- Opening Delimiter -
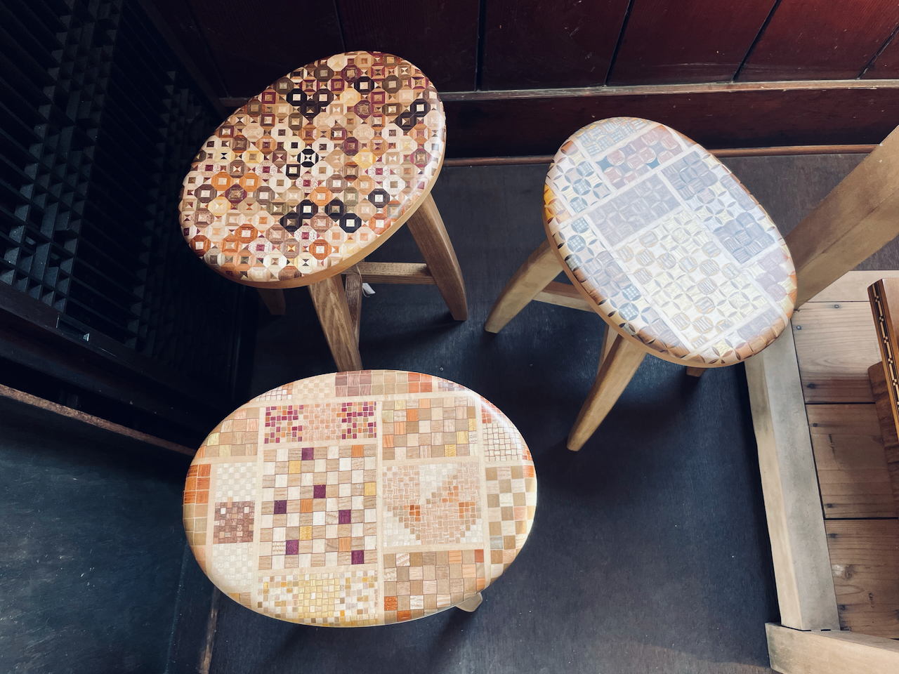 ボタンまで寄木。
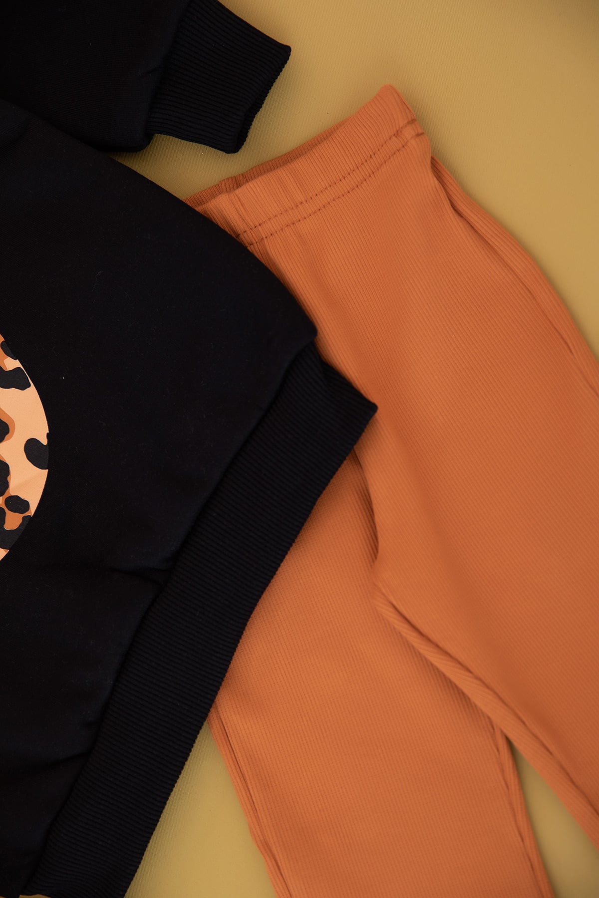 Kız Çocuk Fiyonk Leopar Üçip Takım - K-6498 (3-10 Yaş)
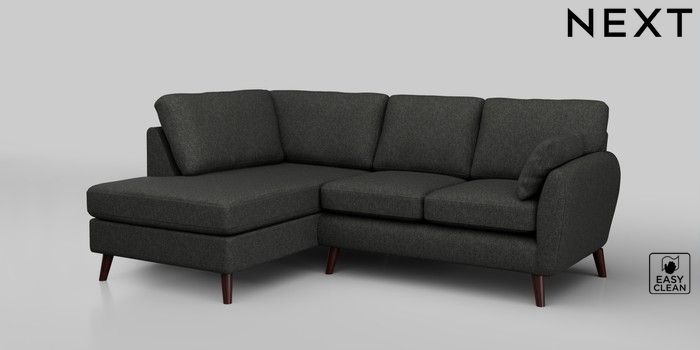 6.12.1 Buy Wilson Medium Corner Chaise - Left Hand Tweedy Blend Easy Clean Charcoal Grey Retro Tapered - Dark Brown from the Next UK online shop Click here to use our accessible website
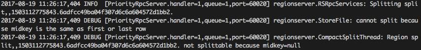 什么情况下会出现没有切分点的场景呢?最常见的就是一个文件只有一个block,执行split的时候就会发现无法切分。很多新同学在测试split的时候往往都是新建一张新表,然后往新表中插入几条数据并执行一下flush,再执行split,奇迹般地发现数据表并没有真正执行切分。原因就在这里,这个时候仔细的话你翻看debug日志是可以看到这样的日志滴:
- Closing Delimiter -
→ Activity
When you reach the line that contains "Kız Çocuk Fiyonk", start copying the listing word for word and stop only after its last line, without any pictures.

→ Solution for this problem
 Kız Çocuk Fiyonk Leopar Üçip Takım - K-6498 (3-10 Yaş)
 6.12.1 Buy Wilson Medium Corner Chaise - Left Hand Tweedy Blend Easy Clean Charcoal Grey Retro Tapered - Dark Brown from the Next UK online shop Click here to use our accessible website
 什么情况下会出现没有切分点的场景呢?最常见的就是一个文件只有一个block,执行split的时候就会发现无法切分。很多新同学在测试split的时候往往都是新建一张新表,然后往新表中插入几条数据并执行一下flush,再执行split,奇迹般地发现数据表并没有真正执行切分。原因就在这里,这个时候仔细的话你翻看debug日志是可以看到这样的日志滴:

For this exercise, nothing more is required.